Motivasi belajar adalah sebagai suatu keadaan dalam diri siswa yang
mendorong dan mengarahkan perilakunya pada tujuan yang ingin dicapainya
dalam mengikuti pendidikan
Motivasi dapat bersumber dari dalam diri dan yang bersumber dari luar
diri. Motivasi intrinsik muncul karena individu senang melakukannya. Motivasi
mendorong dan memberi energi pada tingkah laku. Motivasi ekstrinsik adalah
dorongan terhadap perilaku individu yang bersumber dari luar dirinya. Motivasi
ekstrinsik dapat berubah menjadi motivasi intrinsik. Perbedaan motivasi intrinsik
dan ekstrinsik seseorang adalah alasan orang tersebut bertindak. Faktanya,
motivasi intrinsik dan ekstrinsik mungkin merupakan dua kecenderungan yang
independen, keduanya dapat beroperasi secara bersamaan dalam situasi tertentu.
.Motivasi belajar tercermin melalui ketekunan yang tidak mudah
tergoyahkan untuk mencapai sukses, meskipun dihadang banyak kesulitan.

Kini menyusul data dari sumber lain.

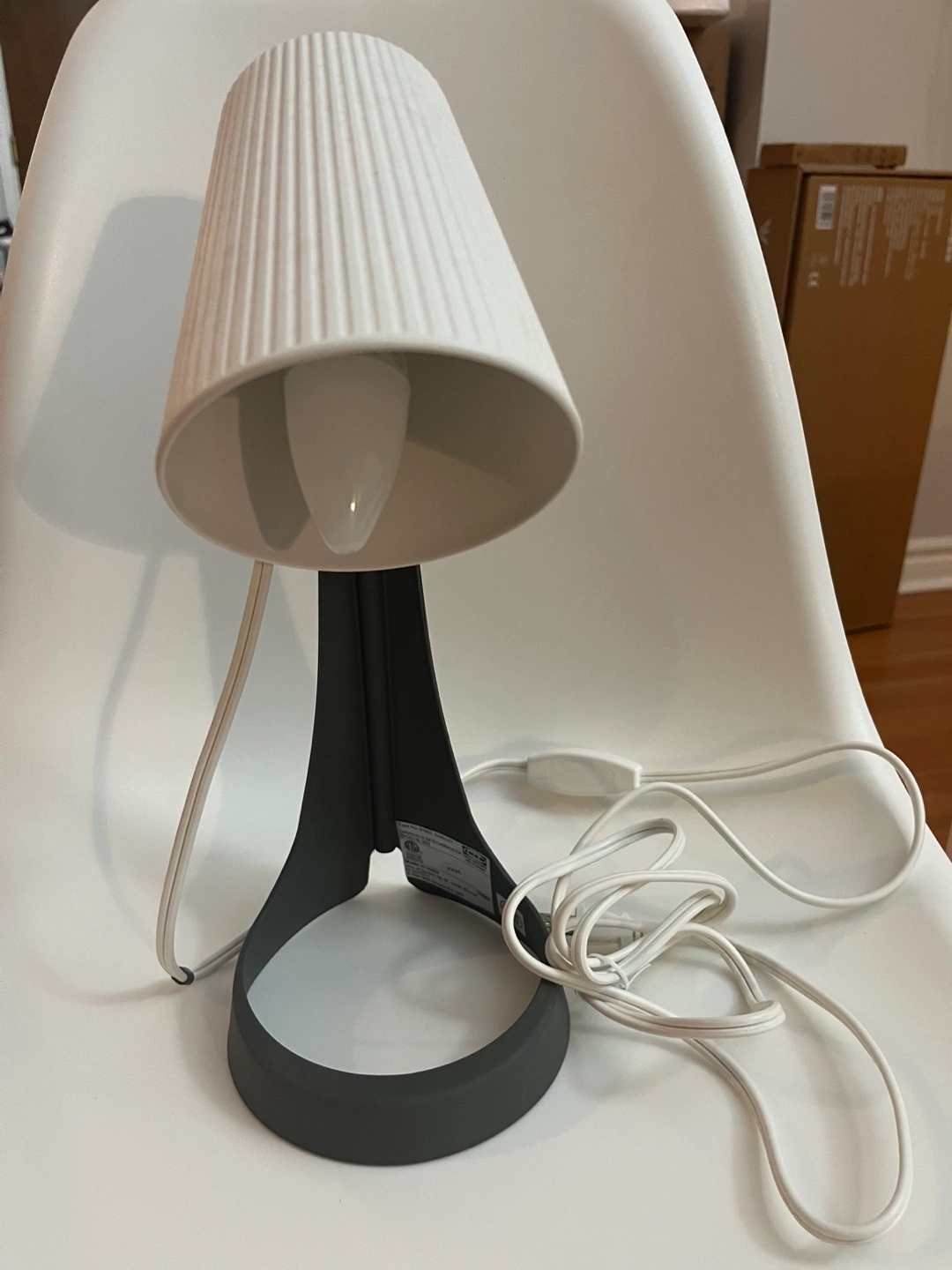 Stylish and functional desk lamp. Dark gray base, white shade. Minimalist design. Perfect for home office or bedroom.

Dorongan belajar merupakan kekuatan mental untuk melakukan kegiatan dalam
rangka memenuhi harapan dalam belajar. Dorongan berorientasi pada tujuan
belajar. Tujuan belajar inilah yang menjadi inti motivasi belajar. Motivasi belajar
di sekolah dipengaruhi oleh rekayasa pedagogis guru di sekolah. Dimyati
menggambarkan hal itu dalam bagan sebagai berikut:
1. Guru adalah pendidik yang berperan dalam rekayasa pedagogis.
2. Siswa adalah pelajar yang memilki kepentingan dalam menghayati proses
belajar.
3. Guru melaksanakan kegiatan mendidik dengan memberi penguatan seperti
hadiah, teguran, penghargaan, nasihat di dalam pembelajaran.
4. Dengan belajar yang bermotivasi, siswa memperoleh hasil belajar.
5. Dampak pengajaran adalah hasil belajar yang segera dapat diukur, yang
terwujud dalam nilai raport atau izajah
6. Dampak pengiring adalah unjuk kerja siswa setelah mereka lulus ujian
atau merupakan transfer hasil belajar di sekolah.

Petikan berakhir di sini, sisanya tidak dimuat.